The reception at the firm gym wasn’t what I expected. My favorite trainer looked pensive, mumbled “good for you, man,” then gave me a half-hearted fist bump. The other two trainers, both women, exchanged looks. One grimaced, and quipped to the other, “see, I told you – the nice ones always leave.” She caught my glance, and turned serious. “Hey, it’s good news. We’ll miss you, that’s all.”

The nice ones always leave.

My client ran into this phenomenon recently. She’s a first year, assigned to a major case with two senior associates. The partner’s missing in action, so she and the two seniors are running the show.

The good news is the seniors are great guys – and, as a result, she’s been one of the few not-unhappy lawyers I’ve seen all year.

“They’re just plain nice,” she told me. “The hours suck, the work itself is kind of boring, but nothing’s that bad if you’re working with people you like. Sometimes, we even have fun.”

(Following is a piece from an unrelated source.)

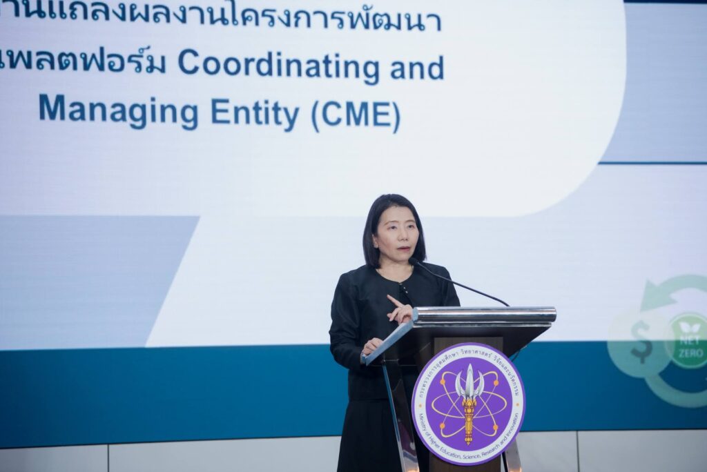 รศ. ดร.สุณีย์ กัลยะจิตร รองผู้อำนวยการหน่วยบริหารจัดการทุนด้านการเพิ่มความสามารถการแข่งขัน สำนักงานเร่งรัดการวิจัยและนวัตกรรมเพื่อเพิ่มความสามารถการแข่งขันและการพัฒนาพื้นที่ (องค์การมหาชน) (รพว.) (หรือ บพข. เดิม) กล่าวว่า ในฐานะผู้ให้ทุนสนับสนุนโครงการมีความยินดีและยืนยันพร้อมสนับสนุนทุนวิจัยต่อเนื่อง โดยเล็งเห็นว่าโครงการนี้คือจิ๊กซอว์สำคัญในการเพิ่มขีดความสามารถการแข่งขันของประเทศ การพัฒนา CME Platform ไม่ใช่เพียงแค่งานวิจัยขึ้นหิ้ง แต่เป็นโครงสร้างพื้นฐานดิจิทัล (Digital Infrastructure) ที่จะทำให้ผู้ประกอบการไทยเข้าถึงตลาดคาร์บอนเครดิตได้ง่ายขึ้น ลดต้นทุนการดำเนินงานด้าน ESG และสร้างแต้มต่อในเวทีการค้าระดับโลก
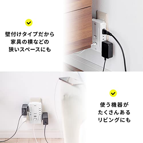 差込口を90°回転することができるコンセント直付けの6個口タップ。最大3.4A出力のUSB-A x2ポート付でケーブルモデルもセール中。

One guy was super thoughtful, and bent over backwards to take time to explain things and create a sense of teamwork. The other was a bit of a kook, with a goofy sense of humor and a light-hearted way of defusing crises.

Then, Monday last week, the firm distributed bonuses. On Tuesday the first senior associate gave his notice. On Wednesday the other said he’s leaving, too.

Neither of the seniors said why they were taking off. Maybe it was the demanding, ungrateful client – maybe the partner, who never acknowledged their hard work. Maybe they were just burnt out in general.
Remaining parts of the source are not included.